The appendix at the end of "Paumachariyam" describe Vimalsuri as a "Purvadhari" (the one who knows the "purvas"). This is corroborated by the Śvetāmbara belief that "Purvadhaaris" flourished for at least a millennium after Mahavira attained nirvana.

On analyzing the text, it is discovered that Vimalsuri possessed a sound knowledge of the Jain literature, Jain cosmology, Jain ethics, and the science of interpreting and analyzing dreams, signs, and omens. According to Dr. Hermann Jacobi, Vimalsuri would have been a sound writer and not a "slavish imitator" when comparing Valmiki's Ramayana and "Paumachariyam". Some passages from "Paumachariyam" also remind one of the Jain Aagams that are followed by the Śvetāmbara Murtipujakas.
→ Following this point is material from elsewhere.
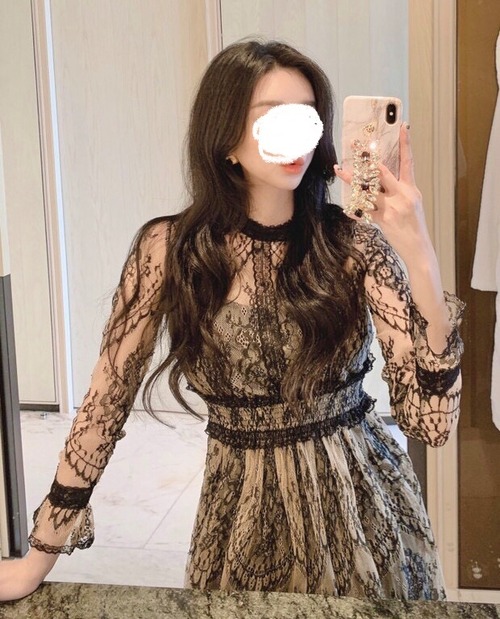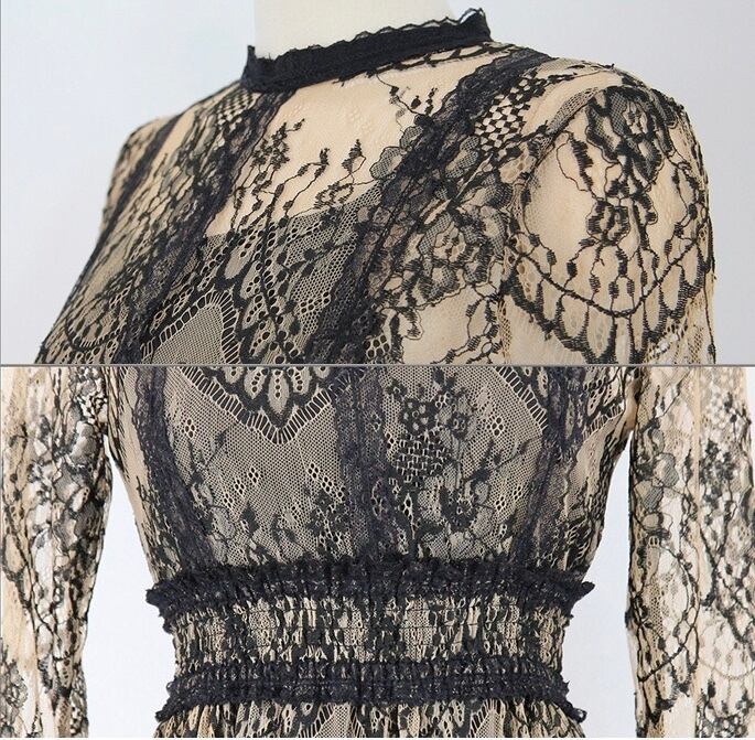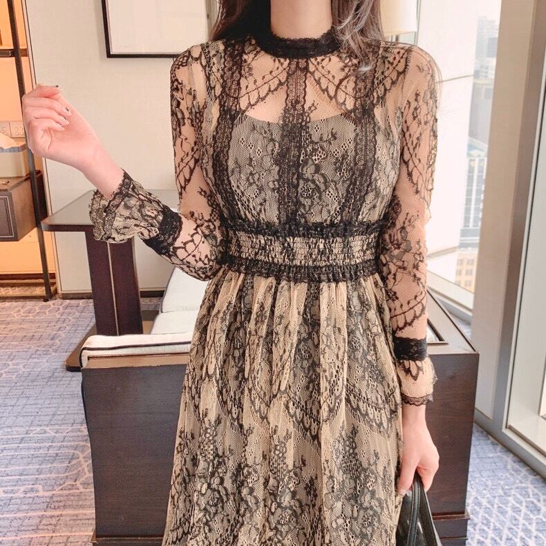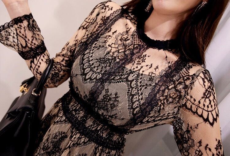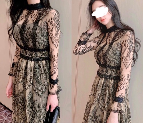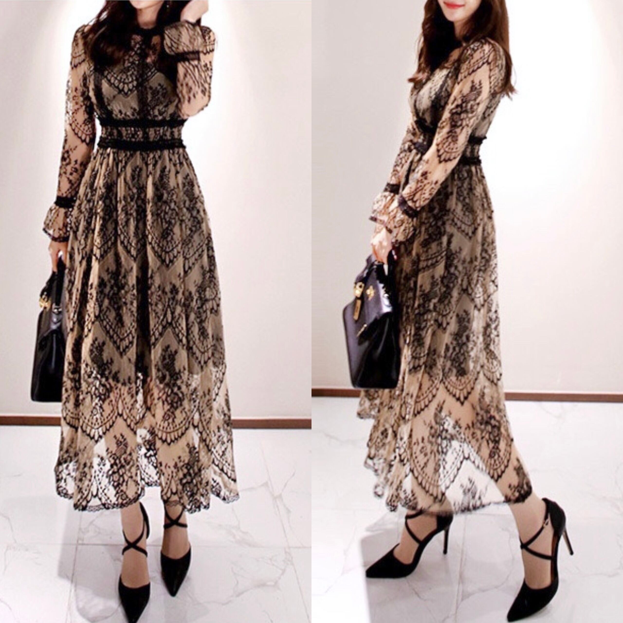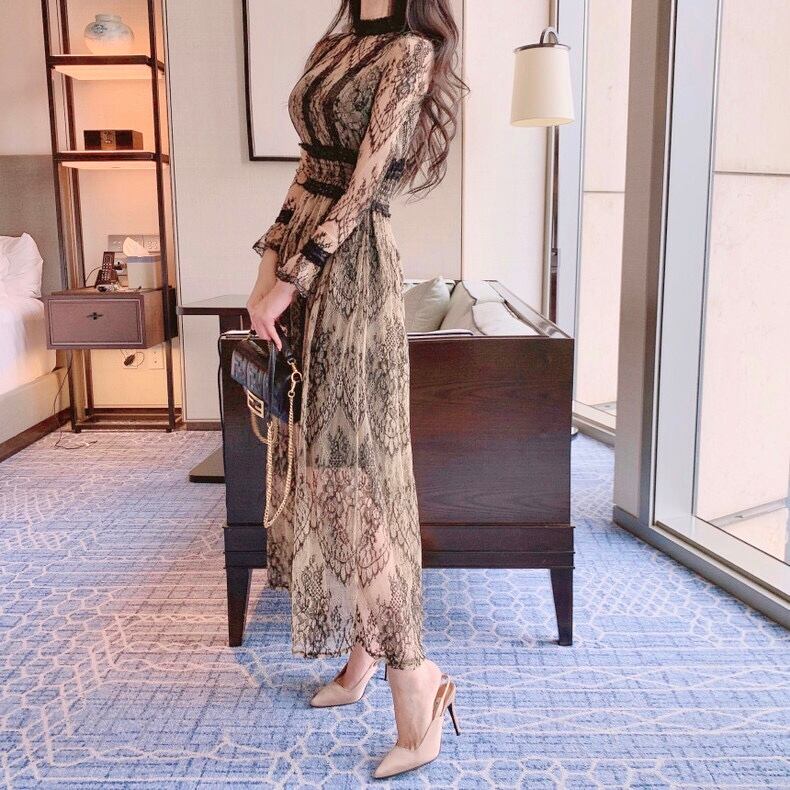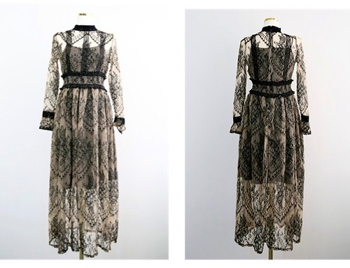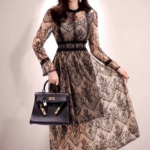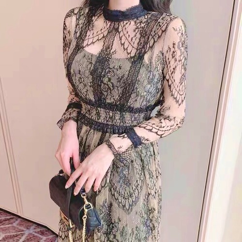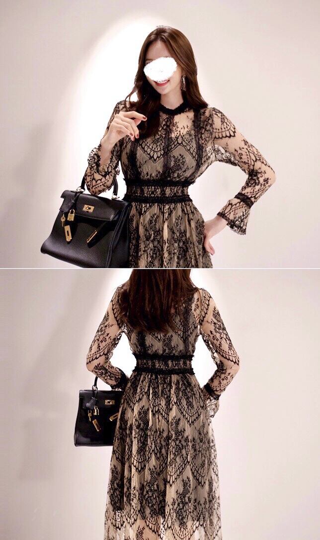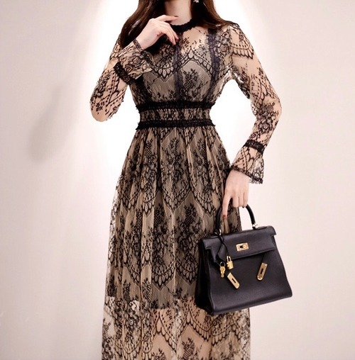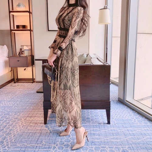 総レース ロングワンピース 長袖 透けレース

Vimalsuri, in "Paumachariyam", identifies himself as a poet by calling his work "Purāņa". It has also been identified as a "Mahākāvya" (epic poem) as it is full of figures of speech such as "Ropaka," "Utprekşā," "Upamā," "Arthăntaranyāsa," etc.
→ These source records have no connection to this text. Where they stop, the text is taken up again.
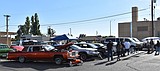 People look at a row of lowrider cars in the Washington Federal parking lot during …
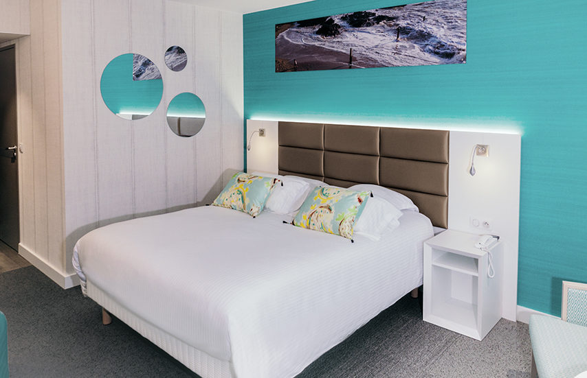 Nos 112 chambres (dont 4 chambres accessibles PMR : informations accessibilité ICI) se déclinent en différentes atmosphères : l'univers GRENAT est composé de bois blond, réhaussées de rouge et gris ; l'ambiance AQUAMARINE combine des nuances bleu-vert autour d'un mobilier ivoire.
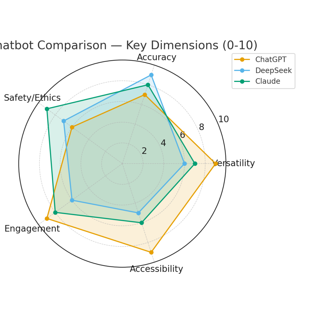 Verdict: For factual accuracy, DeepSeek outshines the others. ChatGPT remains strong for general-purpose conversational tasks, while Claude is reliable for sensitive or ethically complex situations.
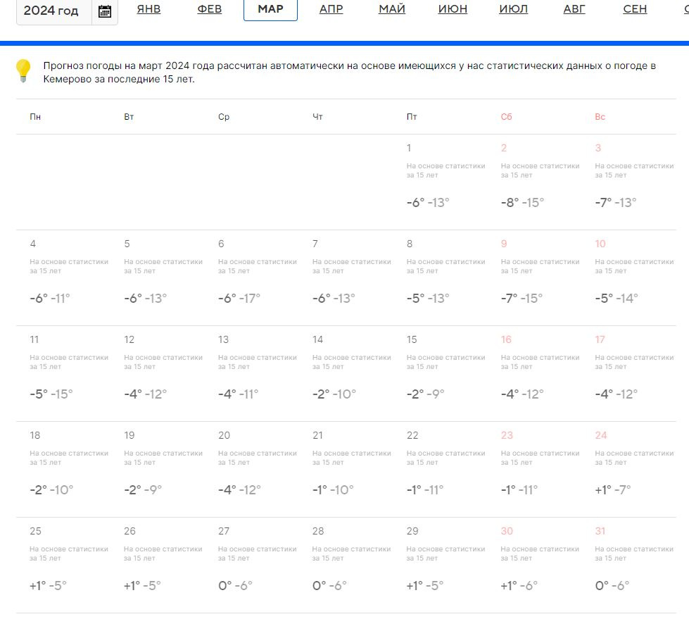 Ранее синоптики Гидрометцентра России сообщали предварительный прогноз на полгода — с сентября 2023 по март 2024 года. Судя по нему, в Кузбассе будет привычная погода со среднемесячной температурой -6,4 градуса.

== Paumachariyam: The first Jain ramayana ==
It is considered to be the oldest work of literature in Maharashtri Prakrit.

According to Vimalsuri, this story was told to him by his preceptor, Acharya Vijayasuri. He further mentions that this story has been handed down to disciples in the form of a "list of names" through a succession of Jain monks, starting with Mahavira telling it to Gautama Swami, who, in turn, told it to his disciples and so on.

He also mentions that he composed it 530 years after the Mahavira attained moksha. Therefore, according to traditional accounts, since Mahavira's nirvana happened in 526 BC, this work would have to have been written in 4 AD. However, since scholars believe that Mahavira's moksha occurred in 467 BC, it is highly likely that it was composed in 67 AD.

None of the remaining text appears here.